Our new custom model is now ready to use!

## Adding Functionality to Models with Other Models¶

QInfer also provides model classes which add functionality or otherwise modify other models. For instance, the BinomialModel class accepts instances of two-outcome models and then represents the likelihood for many repeated measurements of that model. This is especially useful in cases where experimental concerns make switching experiments costly, such that repeated measurements make sense.

To use BinomialModel, simply provide an instance of another model class:

>>> from qinfer.test_models import SimplePrecessionModel
>>> from qinfer.derived_models import BinomialModel
>>> bin_model = BinomialModel(SimplePrecessionModel())
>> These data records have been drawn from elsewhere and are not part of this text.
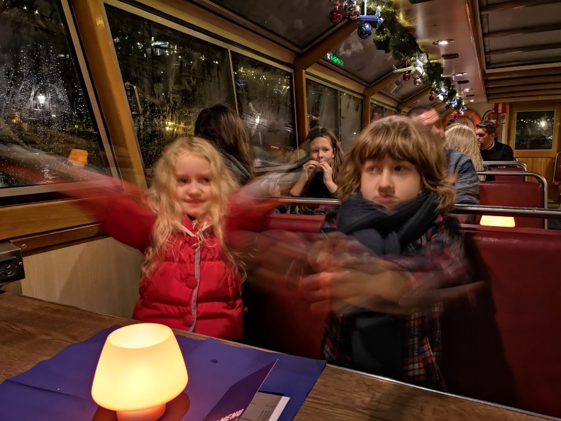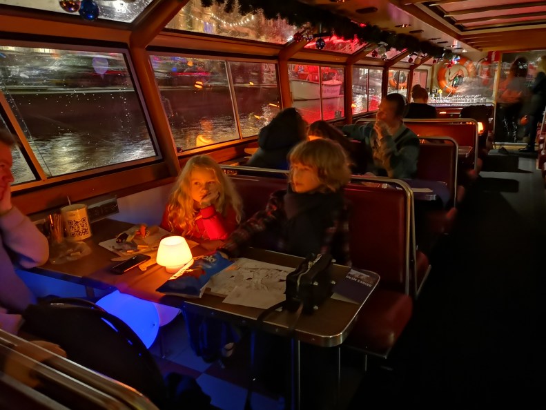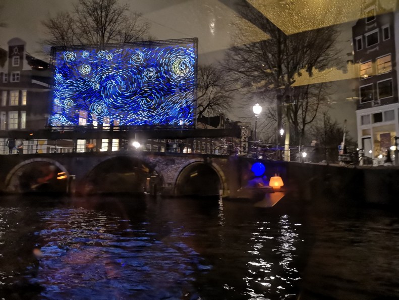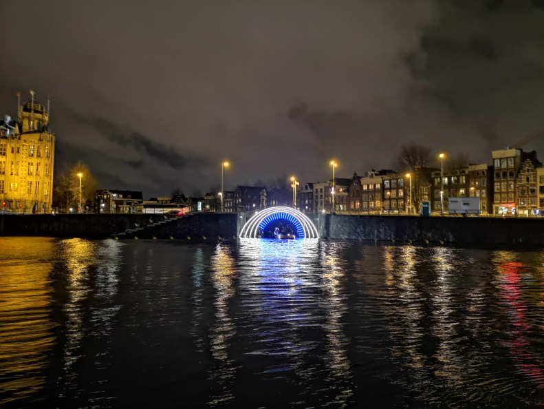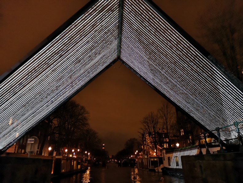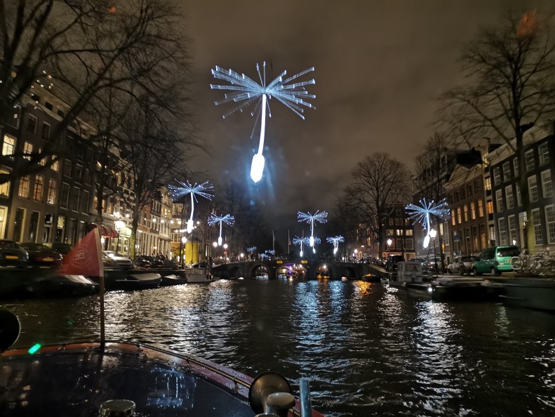 Simon’s first long boat trip, to see all the artwork presented at the Amsterdam Light Festival this year. Pleasantly surprised at how many pieces were inspired with his favorite themes (glass fiber, RGB perception, string theory, neural networks).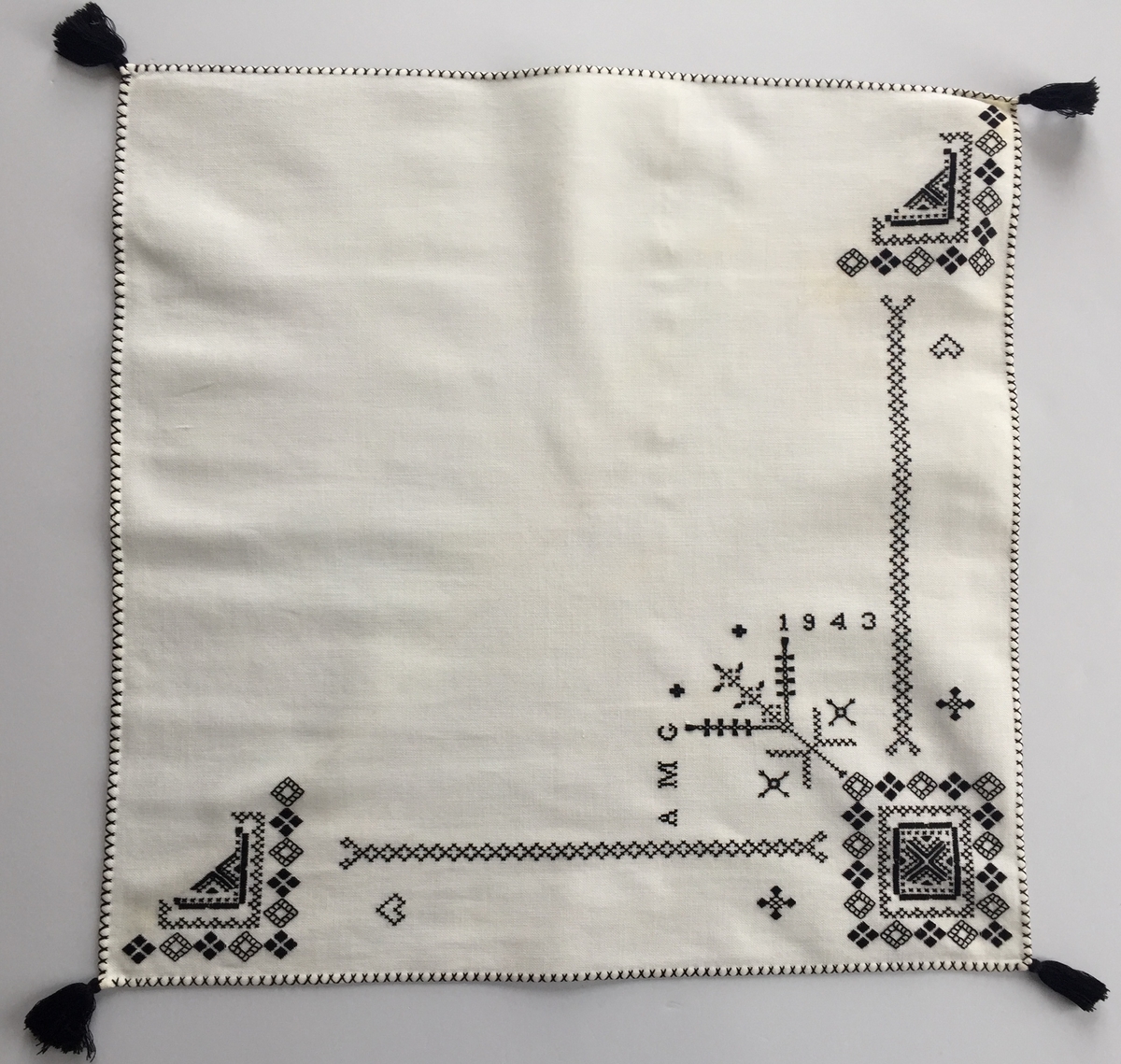 På ryggsnibben endast en kvadrat med geometriskt mönster samt märkning med initialer och årtal. En bård mellan ryggsnibb och framsnibb. På framsnibbarna endast en halv kvadrat. Åtta ornament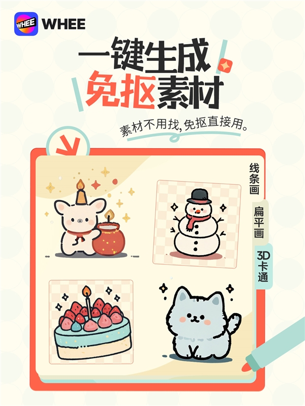 该功能处理了AI正在中文字体生成中变形、乱码的难题,WHEE还同步推出了“免抠素材”功能,WHEE推出的“AI中文海报”功能能够精确生成美妙的中文字体,大大提高设想效率。这一功能可为电商、片子、自、线下勾当等需要海报设想的工做场景供给更多选择,创制出气概多样、用户可通过简单的提醒语生成或已有图片转换,自定义文字、字体、字体大小,AI正在原图从体分歧的根本上,这也是目前市道上唯逐个款支撑中文海报文字自定义的AI产物。使更多非专业设想师也能轻松制做出专业水准的海报。用户还能够按照创意需求,为产物宣传和推广供给更多选择。

Experiments for BinomialModel have an additional field from the underlying models, called n_meas. If the original model used scalar experiment parameters (e.g.: expparams_dtype is float), then the original scalar will be referred to by a field x.

>>> import numpy as np
>>> eps = np.array([(12.1, 10)], dtype=bin_model.expparams_dtype)
>>> print eps['x'], eps['n_meas']
[ 12.1] 


Another model which decorates other models in this way is PoisonedModel, which is discussed in more detail in Robustness Testing. Roughly, this model causes the likeihood functions calculated by its underlying model to be subject to random noise, so that the robustness of an inference algorithm against such noise can be tested.